··· Data for this exercise ···
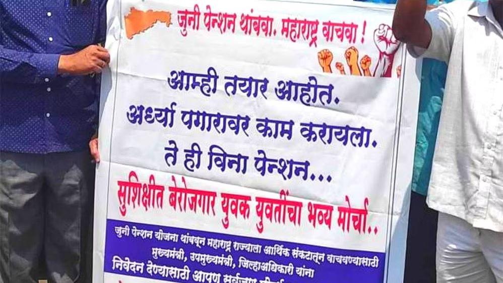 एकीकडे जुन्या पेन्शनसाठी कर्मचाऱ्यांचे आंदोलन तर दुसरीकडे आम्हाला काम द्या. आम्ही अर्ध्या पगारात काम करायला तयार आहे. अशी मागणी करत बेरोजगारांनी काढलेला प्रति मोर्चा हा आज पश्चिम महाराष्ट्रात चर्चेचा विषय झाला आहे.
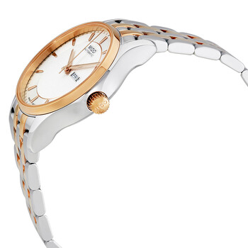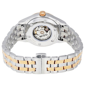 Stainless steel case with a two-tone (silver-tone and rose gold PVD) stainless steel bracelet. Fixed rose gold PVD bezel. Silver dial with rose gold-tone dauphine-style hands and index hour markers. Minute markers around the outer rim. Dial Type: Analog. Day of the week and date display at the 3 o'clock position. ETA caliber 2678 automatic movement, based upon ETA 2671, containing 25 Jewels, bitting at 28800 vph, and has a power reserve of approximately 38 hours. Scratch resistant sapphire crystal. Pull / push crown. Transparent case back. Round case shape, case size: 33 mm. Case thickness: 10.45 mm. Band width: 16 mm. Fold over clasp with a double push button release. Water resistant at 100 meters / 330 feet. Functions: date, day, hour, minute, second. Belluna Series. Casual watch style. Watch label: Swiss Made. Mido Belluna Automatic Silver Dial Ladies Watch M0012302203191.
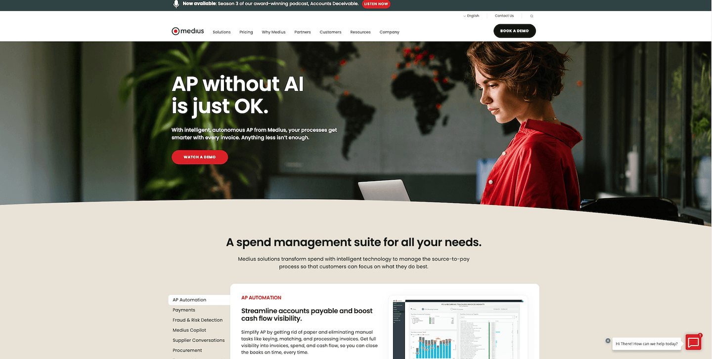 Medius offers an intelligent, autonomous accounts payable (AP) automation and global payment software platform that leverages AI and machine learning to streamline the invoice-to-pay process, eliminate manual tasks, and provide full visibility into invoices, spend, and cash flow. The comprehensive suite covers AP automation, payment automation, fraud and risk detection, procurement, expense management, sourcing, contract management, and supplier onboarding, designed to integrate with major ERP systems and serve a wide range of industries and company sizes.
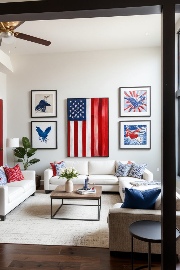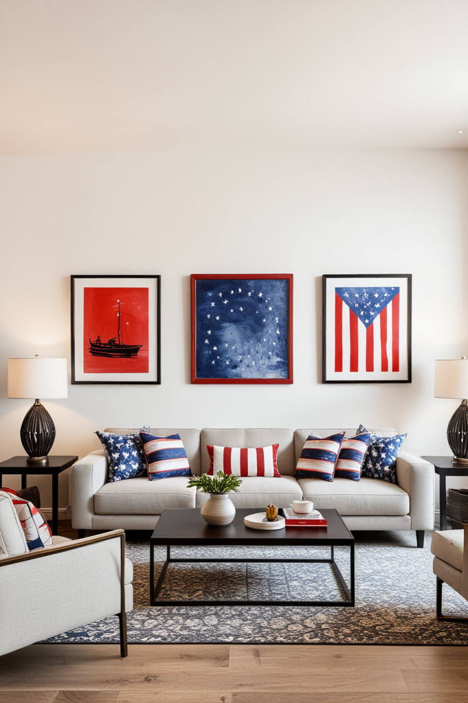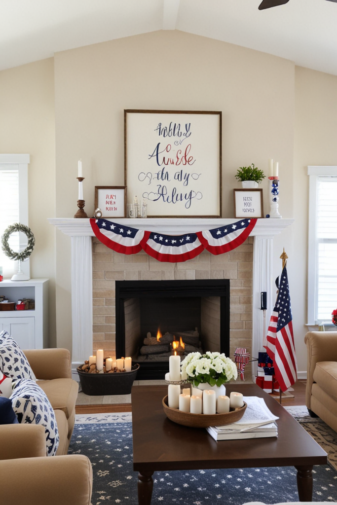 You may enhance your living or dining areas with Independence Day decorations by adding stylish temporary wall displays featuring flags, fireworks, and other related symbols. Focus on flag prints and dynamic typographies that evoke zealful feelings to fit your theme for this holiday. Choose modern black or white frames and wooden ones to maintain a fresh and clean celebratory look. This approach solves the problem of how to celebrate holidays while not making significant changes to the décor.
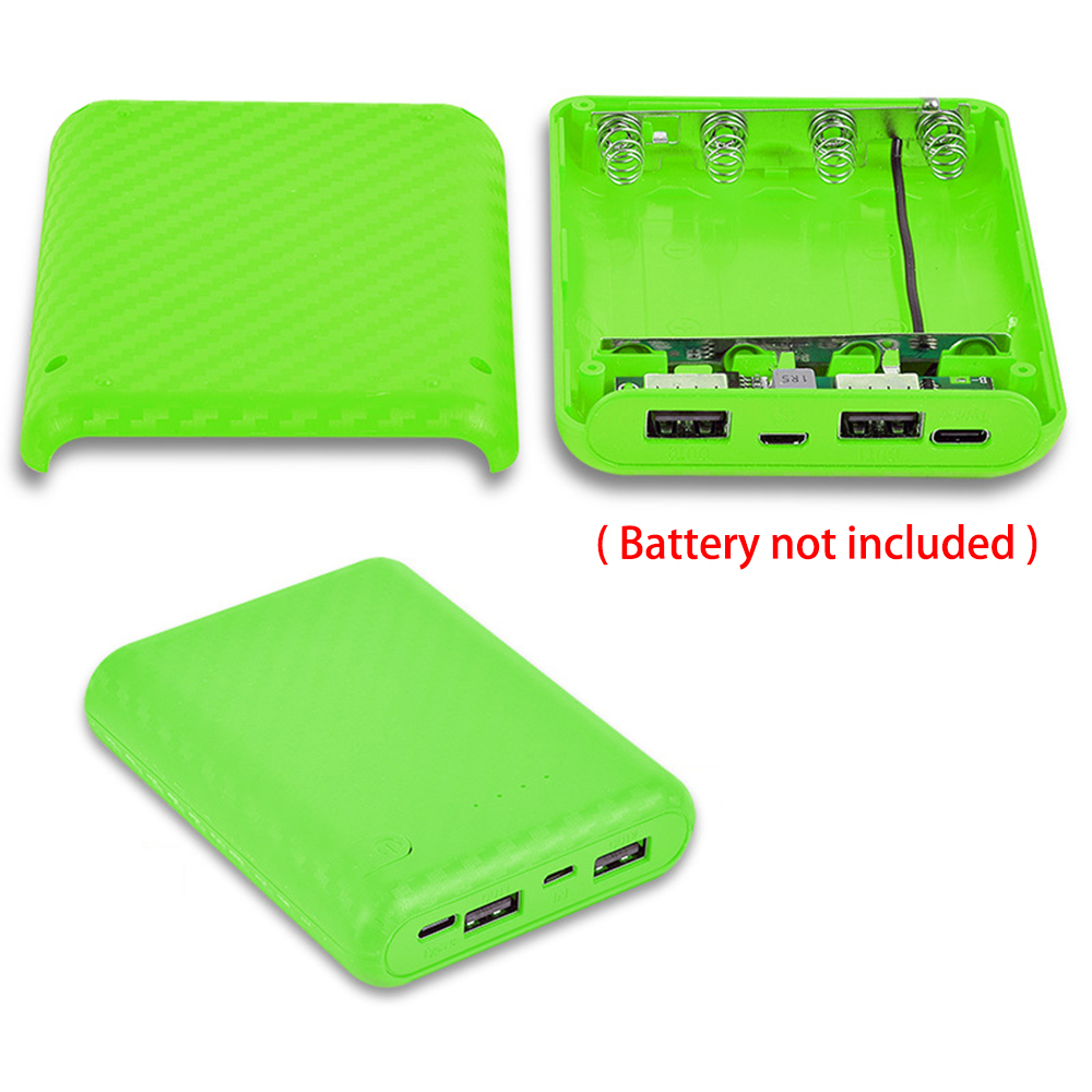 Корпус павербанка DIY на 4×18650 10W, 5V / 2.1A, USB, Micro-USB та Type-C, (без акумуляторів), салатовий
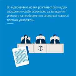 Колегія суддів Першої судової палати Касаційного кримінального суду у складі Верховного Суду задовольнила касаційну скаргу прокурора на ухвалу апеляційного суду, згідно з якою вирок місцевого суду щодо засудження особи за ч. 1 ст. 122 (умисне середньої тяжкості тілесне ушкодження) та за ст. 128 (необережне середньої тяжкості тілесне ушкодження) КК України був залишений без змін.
···
• _Task requirements_: Write out again the lines from the one with "Корпус павербанка DIY" through the end of the records exactly, without any of the pictures.

• _Expected answer_:
 Корпус павербанка DIY на 4×18650 10W, 5V / 2.1A, USB, Micro-USB та Type-C, (без акумуляторів), салатовий
 Колегія суддів Першої судової палати Касаційного кримінального суду у складі Верховного Суду задовольнила касаційну скаргу прокурора на ухвалу апеляційного суду, згідно з якою вирок місцевого суду щодо засудження особи за ч. 1 ст. 122 (умисне середньої тяжкості тілесне ушкодження) та за ст. 128 (необережне середньої тяжкості тілесне ушкодження) КК України був залишений без змін.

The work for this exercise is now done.